Run the Script: Execute the script with the input file as an argument:

./create_users.sh users.txt

Check Logs and Passwords: Review the log file at /var/log/user_management.log for actions taken and find user passwords in /var/secure/user_passwords.txt.

Benefits of Automation

• Efficiency: Automates repetitive tasks, freeing time for more critical activities.

• Consistency: Ensures that user and group configurations are applied uniformly.

• Security: Randomly generated passwords enhance security, and storing them securely minimizes risks.

• Auditing: Detailed logging helps in tracking changes and troubleshooting.

Learn More

If you're interested in advancing your career in tech, consider joining the HNG Internship program by visiting HNG Internship or HNG Premium.
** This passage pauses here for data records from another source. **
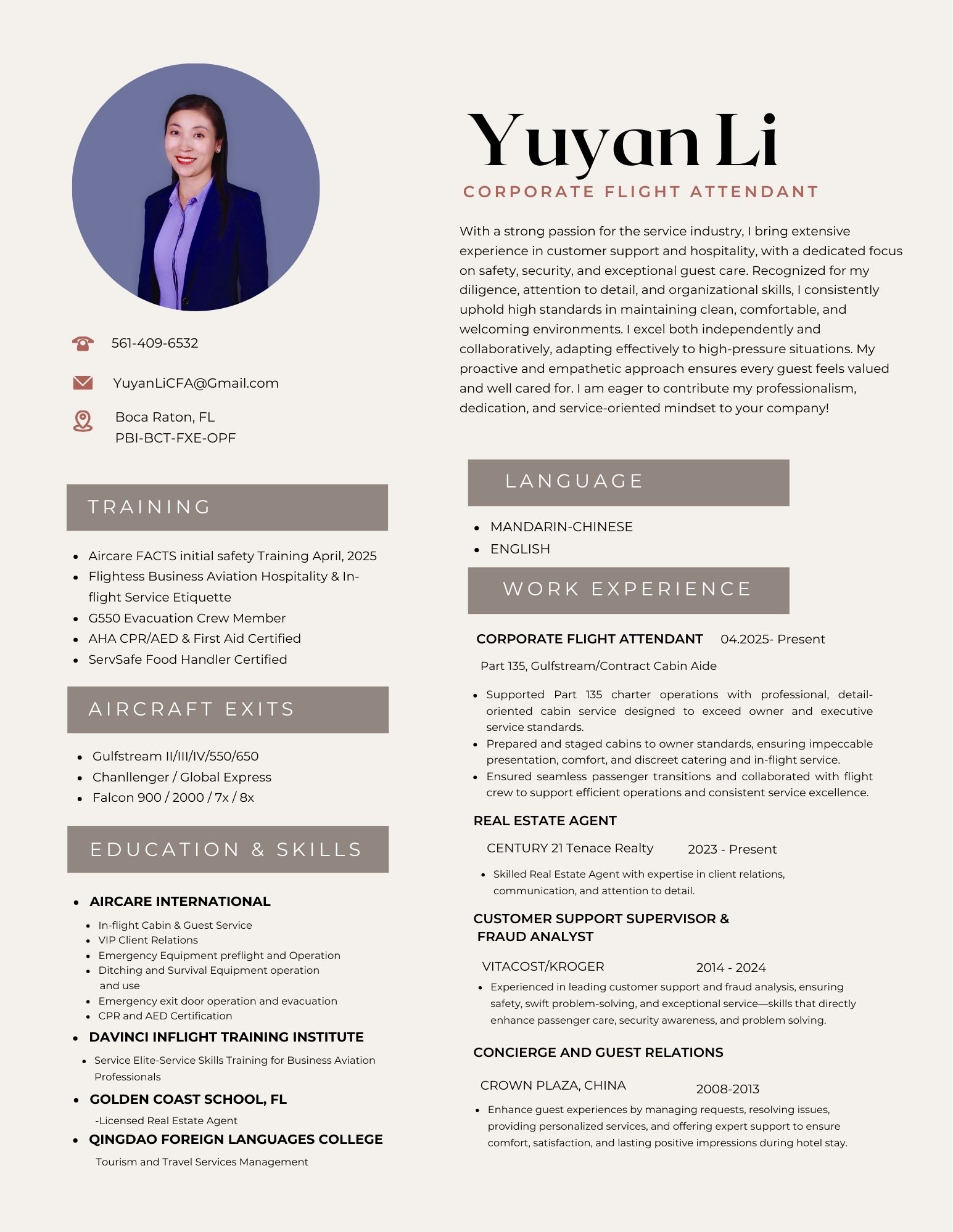 I’m Yuyan Li, a dedicated Corporate Flight Attendant with a strong passion for the service industry, specializing in safety, security, and exceptional guest care. Based in South Florida, PBI-BCT-FXE-OPF, seeking full and part time opportunities worldwide and ASAP trips. I bring over 15 years of experience in hospitality, customer support, and client relations, ensuring high standards of comfort and satisfaction in dynamic environments. My professional training includes Aircare FACTS Initial Safety Training (completed April 2025), Flightess Business Aviation Hospitality & In-Flight Service Etiquette, Davinci Inflight Elite Service Training, G550 Evacuation Crew Member certification, AHA CPR/AED & First Aid, and ServSafe Food Handler certified. I’m proficient in operating emergency equipment, ditching and survival gear, and emergency exits on aircraft such as Gulfstream II/III/IV/550/650, Challenger/Global Express, and Falcon 900/2000/7X/8X. I’m bilingual in Mandarin-Chinese and English, enhancing my ability to serve diverse VIP clients. In my career, I’ve excelled as honing skills in client relations, communication, and attention to detail. I led teams in swift problem-solving, security awareness, and exceptional service. I managed concierge and guest relations, resolving issues and delivering personalized experiences to ensure lasting positive impressions. Driven by a proactive, empathetic approach, I thrive in high-pressure situations, working independently or collaboratively to create welcoming environments. I’m eager to bring my diligence, organizational expertise, and service-oriented mindset to a forward-thinking aviation team, prioritizing passenger safety and unparalleled care.
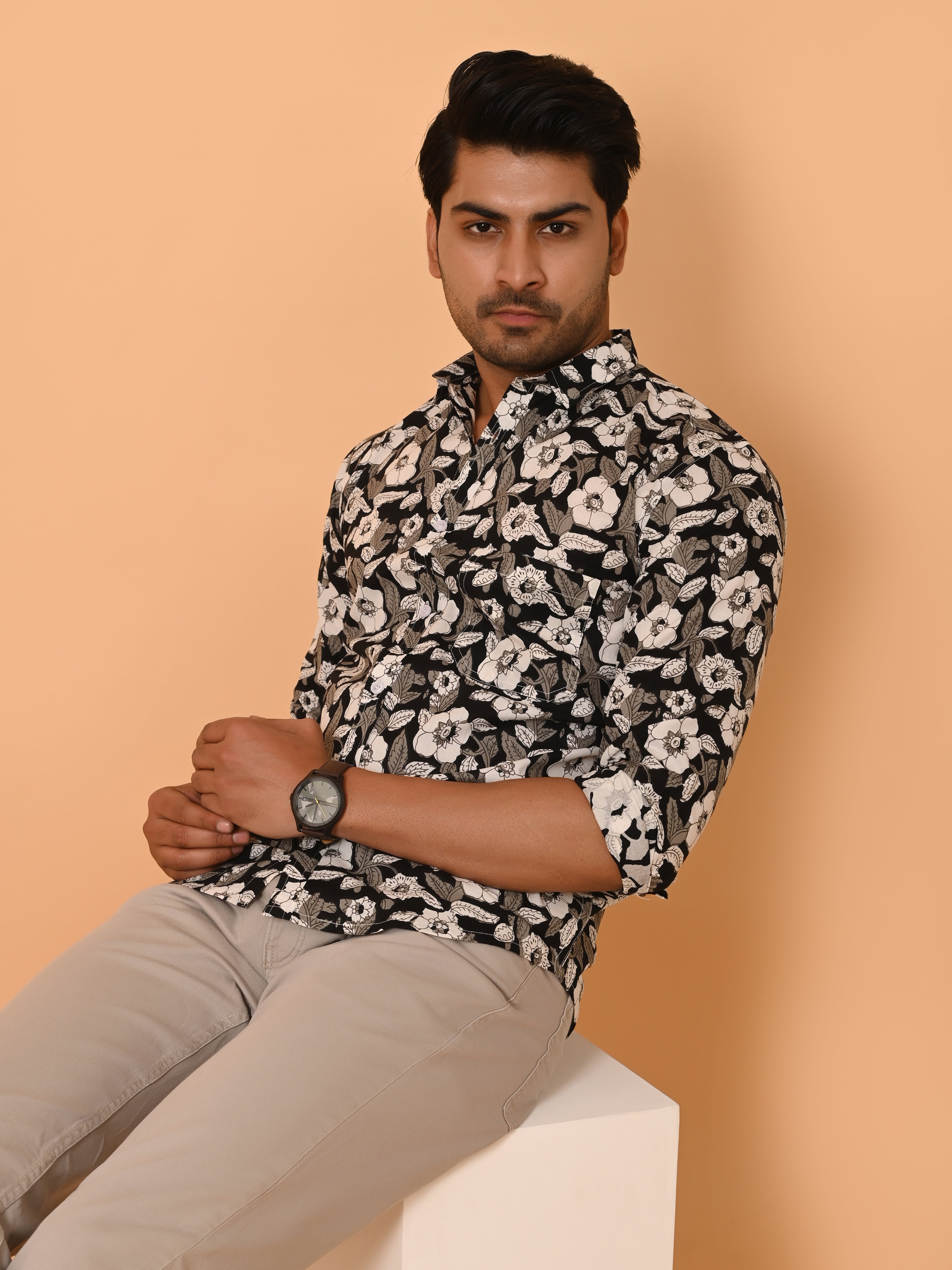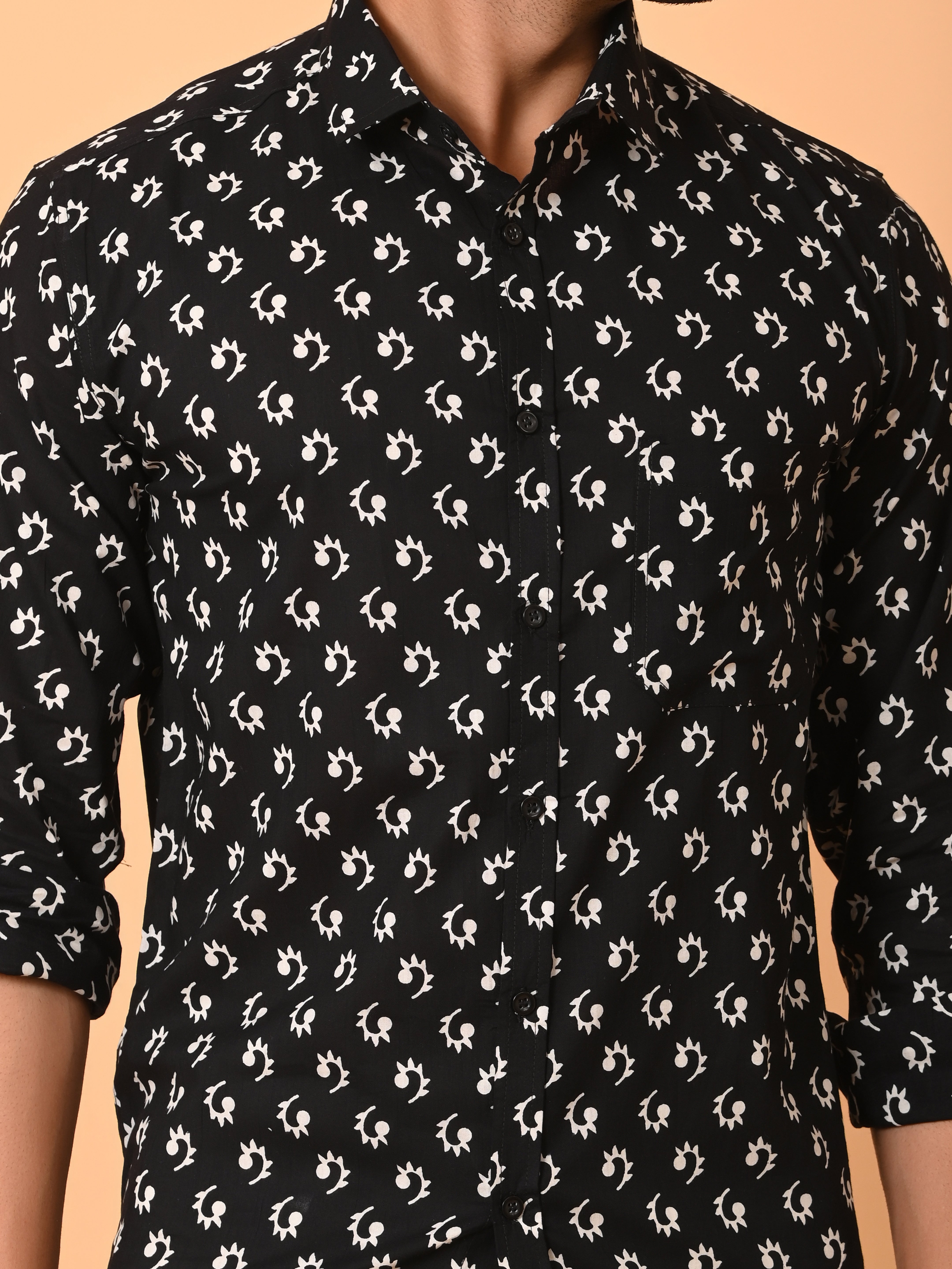"Monochrome Elegance: Rose Print Cotton Shirt"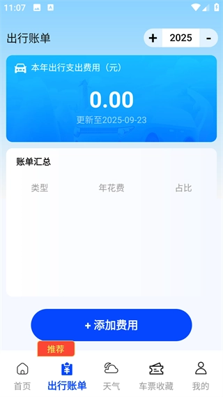 3、点击下方的出行账单,即可查看详细的账单记录,页面下方还设有“添加费用”按钮,点击该按钮就能添加你的出行账单。
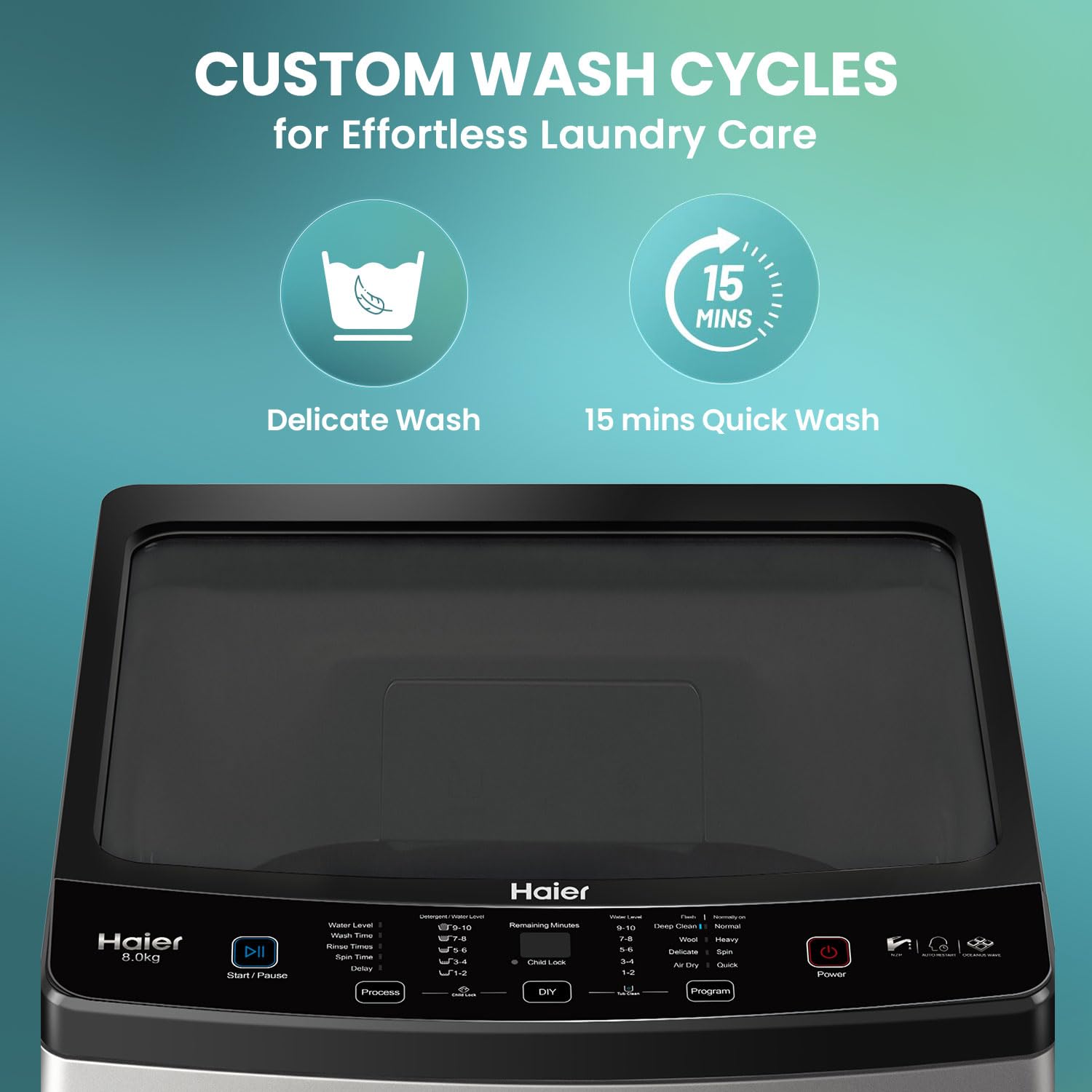 Wash Programs: 8 No.of Programs – “8 Wash programs:- 8 Wash programs:- wash/Rinse/Spin/Tub Dry/Smart/Soak/Delicate/Quick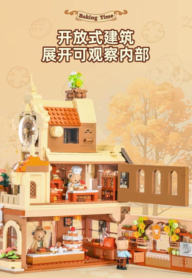 라이트 스트리트 뷰 조립 된 장난감 퍼즐 빌딩 블록 장식 소년과 소녀 선물 온라인 유명 인사가있는 Panlos Teddy 베이킹 하우스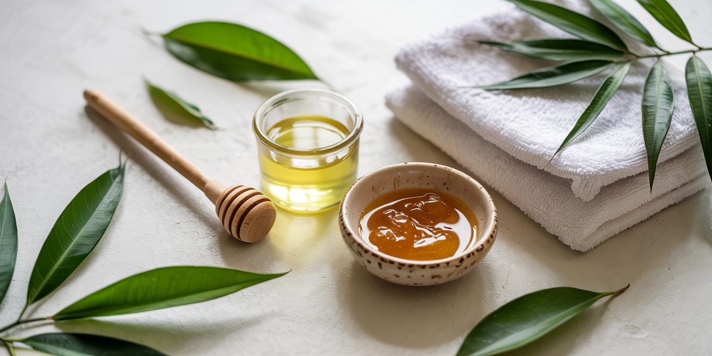 Coconut oil + 1 tsp raw honey (leave for 10–15 mins)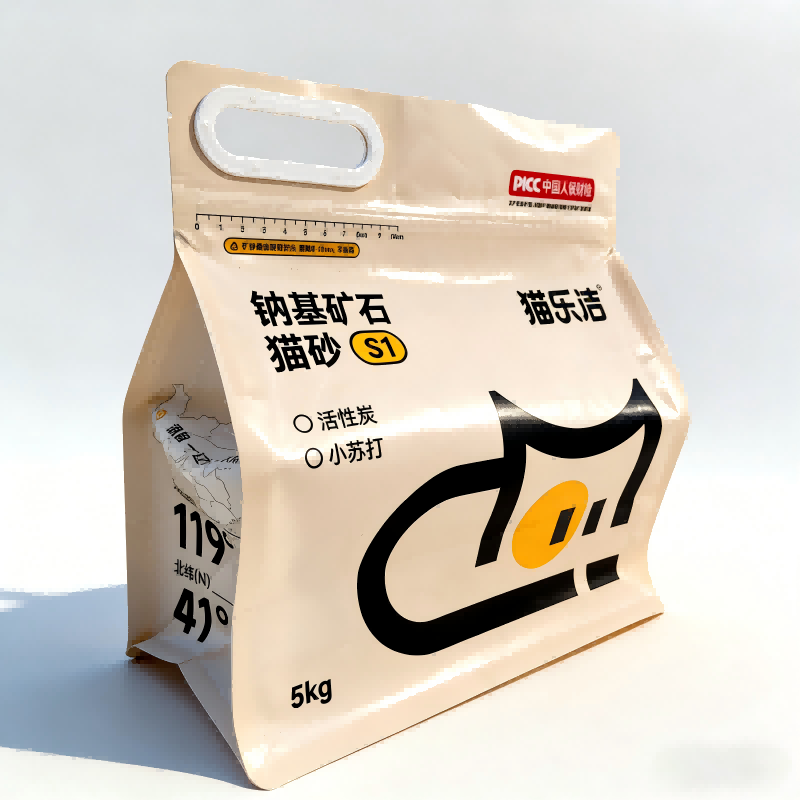 Осумстраната заптивна структура ја одржува торбата стабилна и исправена, идеална за истакнати прикази на полиците. Исто така, го олеснува стабилното редење и практичното складирање. Рачката на патент обезбедува сигурно и сигурно затворање, спречувајќи влага и прашина да навлезат дури и со постојано отворање и затворање. Понатаму, дизајнот на зајакната пластична рачка овозможува лесно ракување со 5 килограми ѓубре за мачки, што го подобрува корисничкото искуство.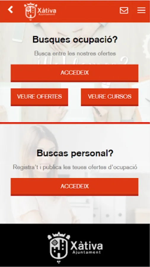 Portalemp Xàtiva is an App developed with the purpose of providing citizens with an access point to the services offered by the Xàtiva City Council location agency and to provide job opportunities to those who are looking for employment, including in the 'offers a catalog of training and actions aimed at improving their professional skills.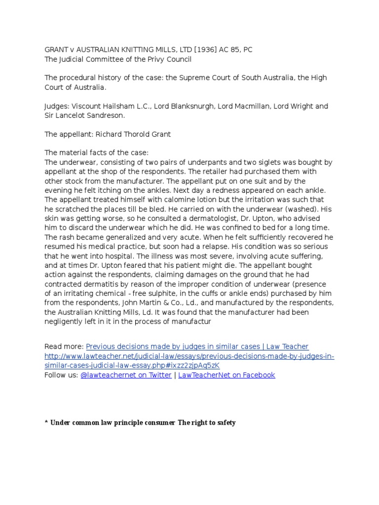 Grant V Australian Knitting Mills Pdf Government Politics from imgv2-1-f.scribdassets.com We did not find results for: Maybe you would like to learn more about one of these? Check spelling or type a new query.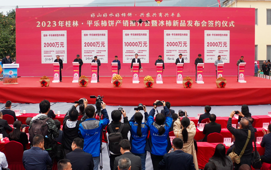 11月8日,2023年桂林·平乐柿饼产销推介会暨冰柿新品发布会在广西平乐县桥亭乡举行。来自国内40余家柿(饼)销售客商、电商运营平台线上线下700余名代表与当地100余家柿饼加工企业代表、近1000名柿农齐聚盛会,共享平乐盛“柿”,共谋平乐发展,现场交易签约8亿元。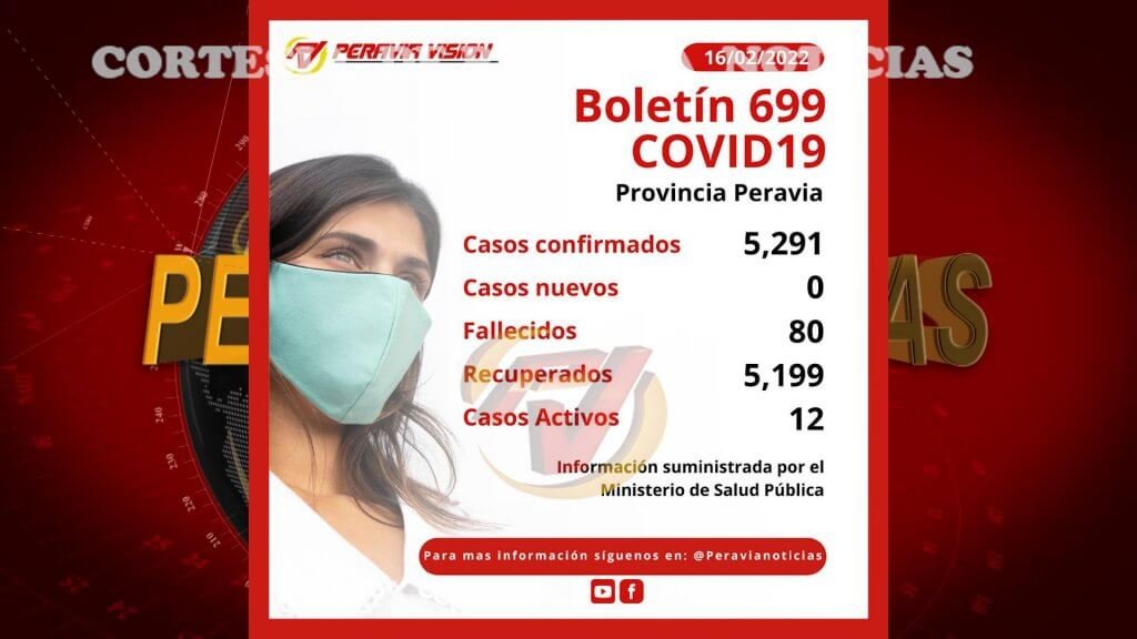 La provincia Peravia no  registró  casos nuevos de coronavirus en las  últimas 24 horas, según el boletín # 699, que emite el Ministerio de Salud Pública a través de la Dirección Nacional de Epidemiología.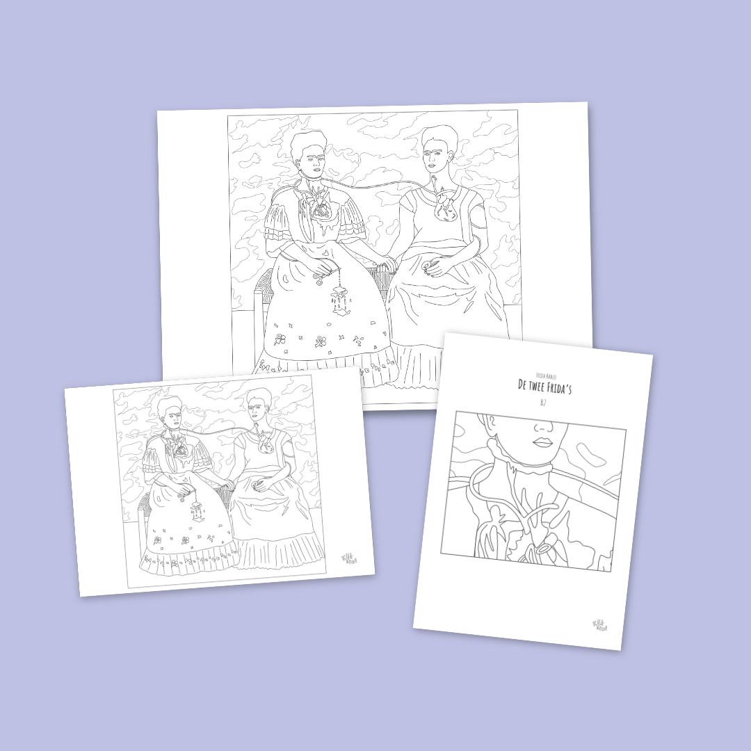 Ben je op zoek naar een creatieve start of afsluiter van het thema Kunst? Maak dan met heel de klas De twee Frida’s Mega Kleurplaat.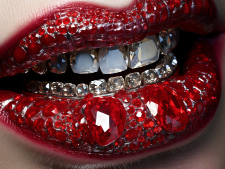Crystal grillz teeth in a womans mouth with plump lips painted with red lipstick. AI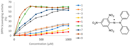 Left: DPPH scavenging activity of compounds 1–9 using ascorbic acid as reference material. Right: Structure of the stable radical 1-diphenyl-2-picrylhydrazyl (DPPH).

It's an excellent opportunity to gain hands-on experience and learn from industry professionals.

For those looking to hire top tech talent, HNG Hire connects you with skilled developers who have undergone rigorous training.

Conclusion

Automating user and group management tasks with a bash script can significantly improve efficiency and security in a Linux environment. By following the steps outlined in this article, you can streamline your onboarding process and ensure proper user management.